Exercise description
Working from the data below, write out exactly the lines from its first through the line that contains "佛手 娜迦 莲花Tattoo by花宇【金鬼刺青】", both ends included and pictures omitted.

Supplied information
= Beginning of Section =
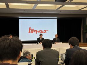 MCを務めた富川氏はトヨタの社員でありながらジャーナリストを名乗っているようだ。これでジャーナリストに一番求められる客観性を担保できるのだろうかという疑問は、記者の間で一貫して語られている。
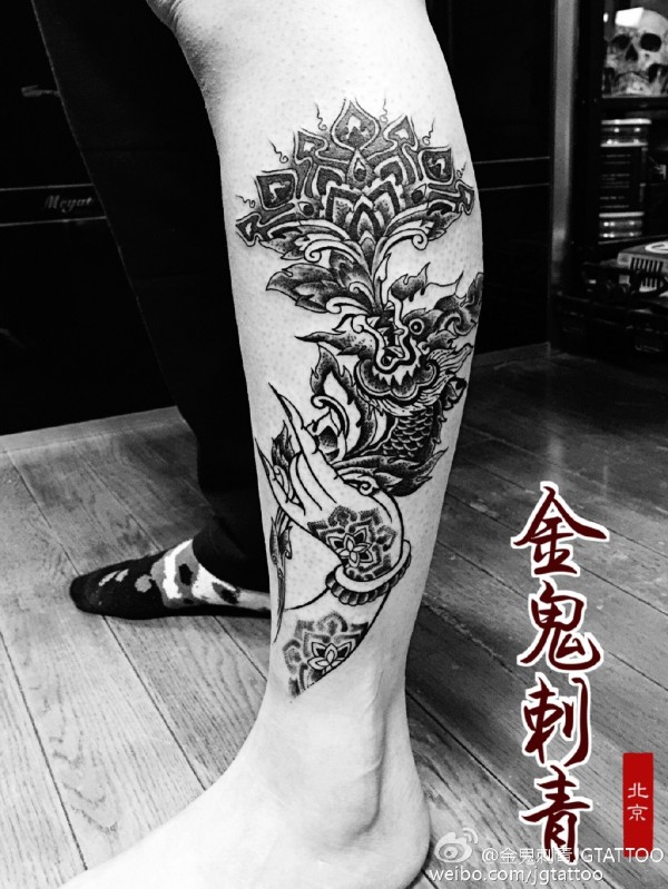佛手 娜迦 莲花Tattoo by花宇【金鬼刺青】
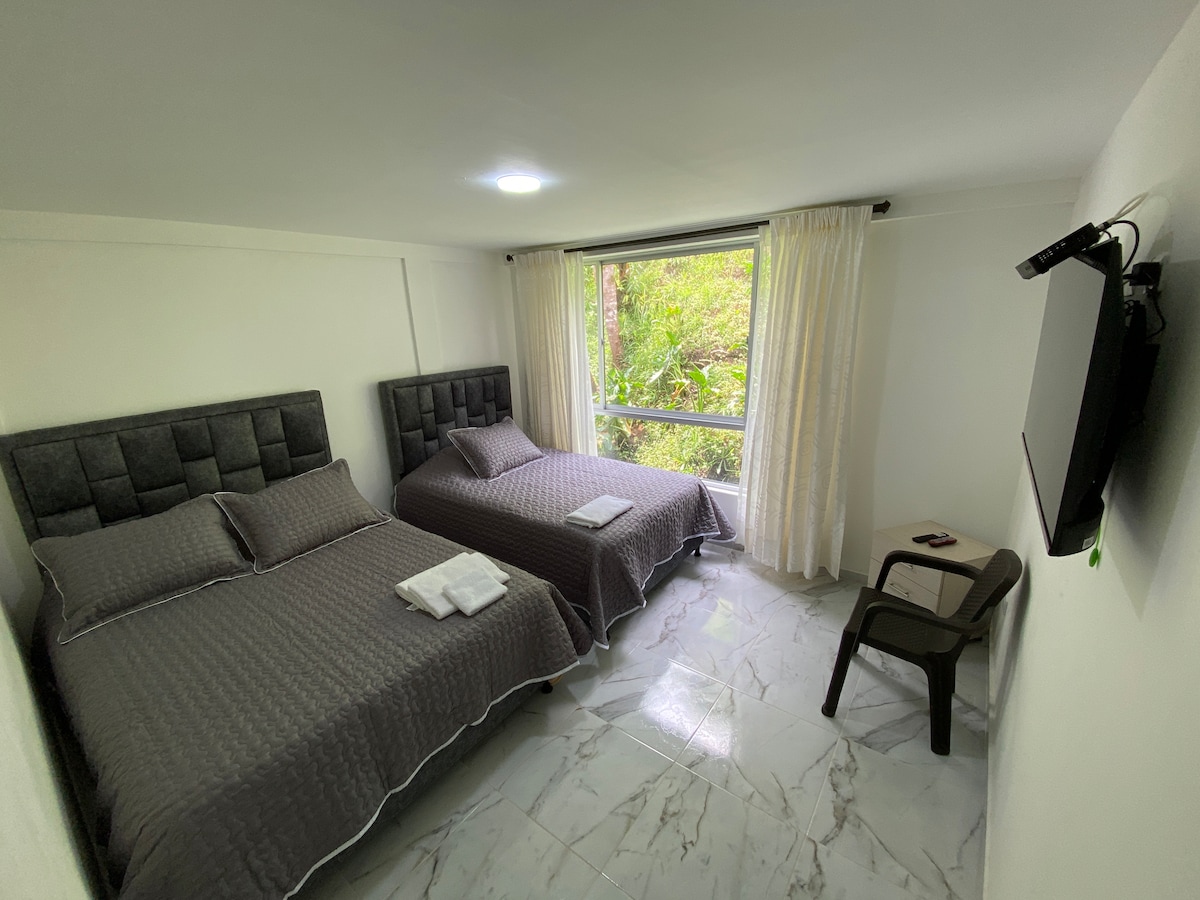 Guests love Ceiba Rooms for its convenient location just five minutes from Matecaña International Airport. Enjoy a serene atmosphere with a beautiful garden, perfect for relaxing with the melodies of birds or a cup of coffee. Our comfortable rooms cater to various needs, featuring private bathrooms and modern amenities. Whether you choose a standard room, double room, suite, or large group room, each offers privacy and convenience. Ceiba Rooms blends comfort, tranquility, and exceptional service
= End of Section =
Result for this exercise
 MCを務めた富川氏はトヨタの社員でありながらジャーナリストを名乗っているようだ。これでジャーナリストに一番求められる客観性を担保できるのだろうかという疑問は、記者の間で一貫して語られている。
佛手 娜迦 莲花Tattoo by花宇【金鬼刺青】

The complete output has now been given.